Model ReleaseApril 13, 2026·8 min read

DeepSeek V4: $0.30 per million tokens for a 1 trillion parameter model

DeepSeek V4 is not out yet. A grayscale test interface appeared April 8, Reuters confirmed a late-April window on April 3, and every major pricing tracker has landed on $0.30 per million input tokens. Here's what the leaked specs mean for anyone running production workloads.

Blue and purple abstract 3D spiral on dark background representing AI model architecture

Photo by Milad Fakurian on Unsplash

Reported specs at a glance

Status	Not launched (late April 2026 window per Reuters, April 3)
Architecture	MoE — ~1T total parameters, ~37B active per token
Context	1M tokens via 'Engram' memory (V3.2: 128K)
Chips	Huawei Ascend 910B training, Ascend 950PR inference. Zero Nvidia.
Price (projected)	$0.30/M input, $0.50/M output — tracker consensus, not official
Benchmarks	SWE-bench 80-85%, HumanEval 90%, GPQA 59.1% — all internal/unverified
License	Apache 2.0 planned (unconfirmed until release)

Why the $0.30 figure is worth paying attention to

DeepSeek V3.2 already sits at $0.28/M input. So V4 is not a dramatic price cut - it's roughly the same cost as the current model, but with 1 million tokens of context instead of 128K and a significantly larger expert pool. If the leaked benchmark numbers hold up anywhere near frontier-level performance, you're getting that capability at prices most developers associate with mid-tier models.

The comparison that stops me: Claude Opus 4.6 charges $5.00/M input. GPT-5.4 is $2.50/M. DeepSeek V4 is projected at $0.30/M. If V4's real-world results on your actual workloads come close to either of those models, the math at scale is hard to ignore.

There are real caveats - all benchmarks are internal leaks, the Huawei chip dependency introduces enterprise procurement friction, and the model is not live yet. But the signals are consistent enough to be worth understanding before it drops.

Timeline of V4 signals

Date	Signal	Source
Feb 2026	Original Lunar New Year launch window passes. Hardware engineering challenges cited.	Multiple reports
March 9	V4 Lite (~200B params) briefly appears on DeepSeek website, then disappears.	Dataconomy
March 16	April launch target reported after sourced reporting.	Dataconomy
April 3	Reuters: launch 'within weeks.' Confirms Huawei Ascend chip use.	Reuters / The Information
April 7	TrendForce confirms Huawei Ascend 950PR as inference chip.	TrendForce
April 8	TechNode publishes grayscale screenshot: 'Fast,' 'Expert,' and 'Vision' mode tabs in test interface.	TechNode
April 13	Official DeepSeek API docs still show V3.2 only. No V4 listing.	api-docs.deepseek.com

The test interface screenshot is the most concrete signal. Three distinct modes in a single interface suggests the product lineup is finalized. DeepSeek does not do long soft launches - V3 and R1 both went public with short notice and minimal pre-announcement.
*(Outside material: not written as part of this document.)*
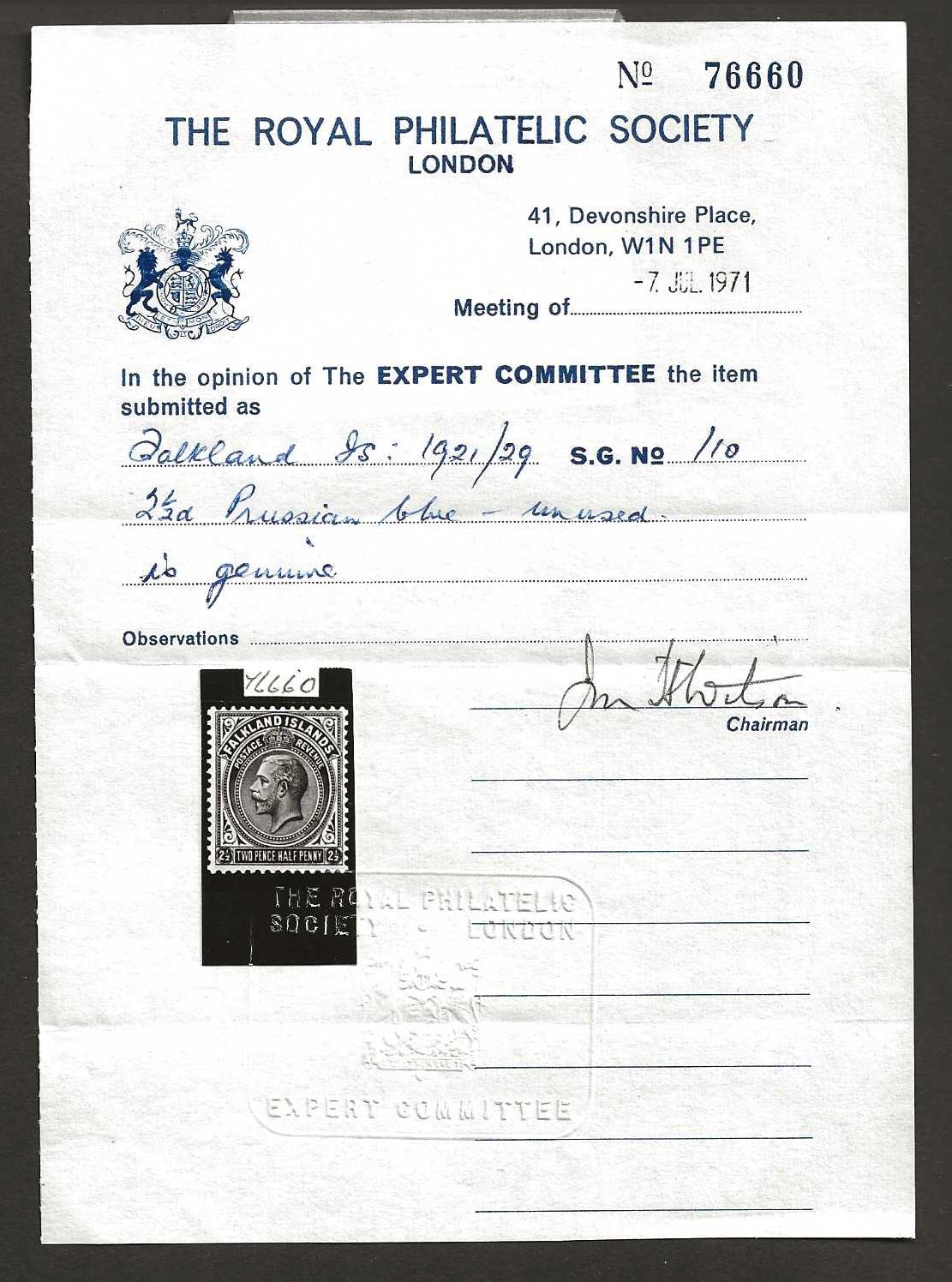 Falkland Islands 1921 George V Two and Halfpence Prussian Blue mounted mint with Royal Cert dated 1971. No longer listed by Gibbons, but listed by Heijtz.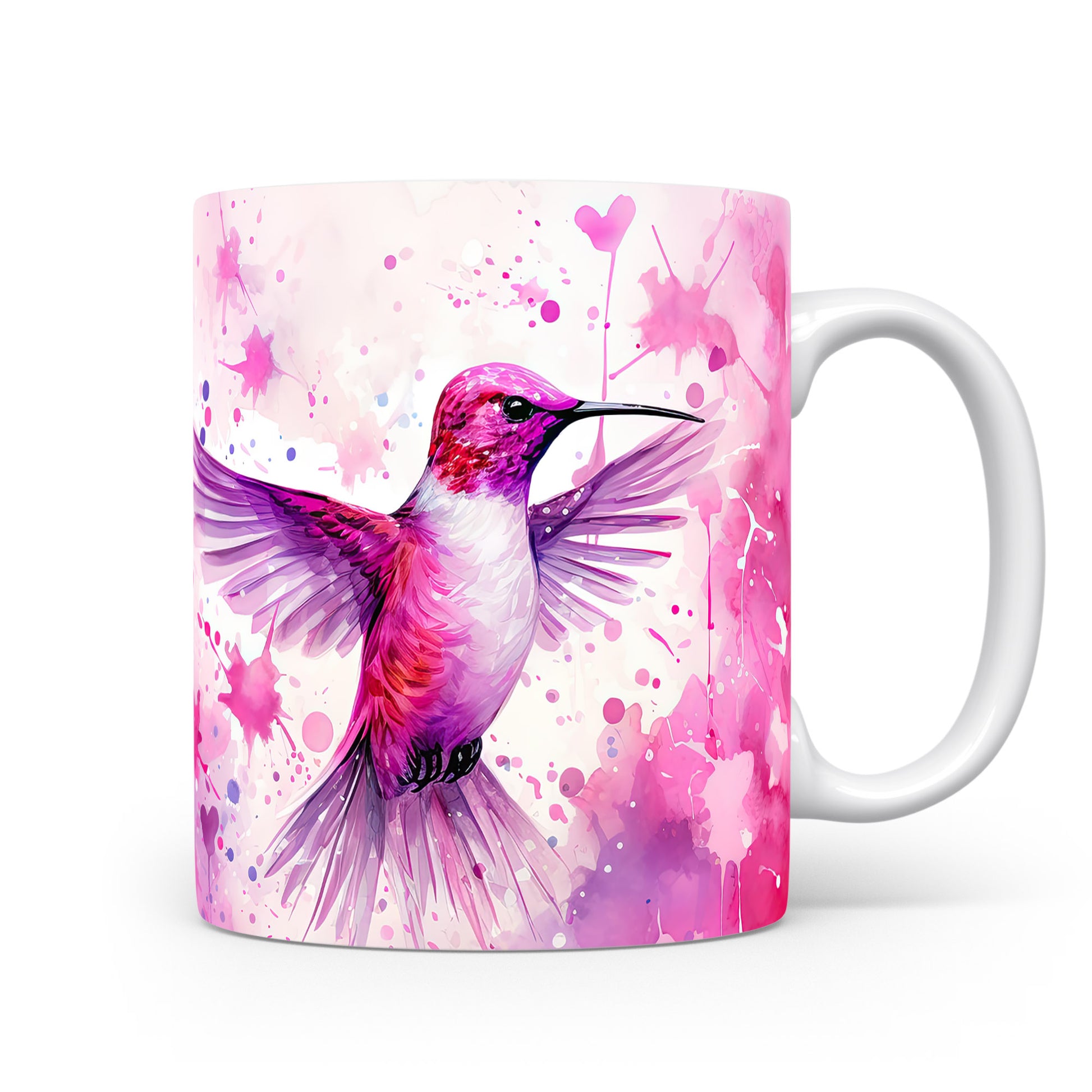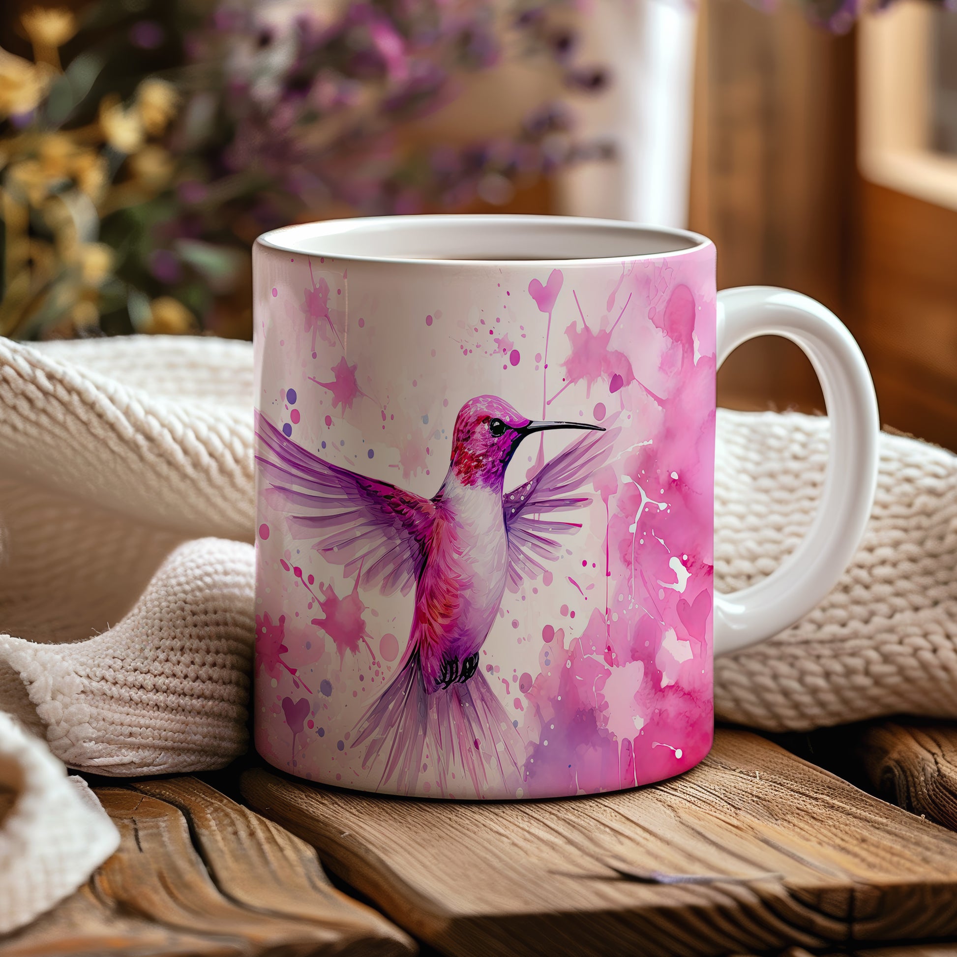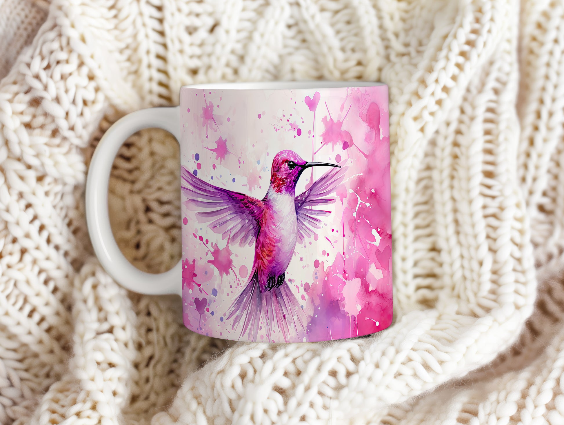 Hrnek s kolibříkem na růžovém pozadí – modrými detaily

Why $0.30 is plausible for a 1T parameter model

The number that matters for inference cost is not total parameters - it's active parameters per token. V4's MoE architecture routes each token through roughly 37 billion parameters, the same as V3.2. Total model size went from 671B to ~1T, but per-token compute stayed flat because V4 just has more experts to choose from - not more experts active simultaneously.

The 1M context window is the harder engineering problem. DeepSeek built two new components to make it cost-viable: Engram handles conditional long-context memory, and DeepSeek Sparse Attention (DSA) cuts the compute cost of attending over long sequences. Without something like DSA, serving 1M context at $0.30/M tokens would lose money on every call - attention computation scales quadratically with sequence length.

Whether these architectural claims hold under independent load is unknown. DeepSeek's V3 and R1 claims did hold up when we and others tested them - R1 matched o1 on several benchmarks at roughly 3% of the cost. V4 is making larger claims from a more complex architecture, so I would not assume the same track record carries over automatically.

Where V4 pricing sits against the current market

Using the $0.30/$0.50 projected figures against current production prices:

Model	Input / 1M	Output / 1M	Context	vs V4 input
DeepSeek V4 (projected)	$0.30	$0.50	1M	baseline
DeepSeek V3.2 (current)	$0.28	$0.42	128K	1.1x cheaper
DeepSeek R1	$0.55	$2.19	64K	1.8x more
Gemini 3.1 Pro	$2.00	$12.00	1M	6.7x more
GPT-5.4	$2.50	$15.00	272K / 1M	8.3x more
Claude Opus 4.6	$5.00	$25.00	200K	17x more

V4 pricing from tracker consensus (devtk.ai, NxCode). Not official DeepSeek pricing. All other prices current as of April 2026.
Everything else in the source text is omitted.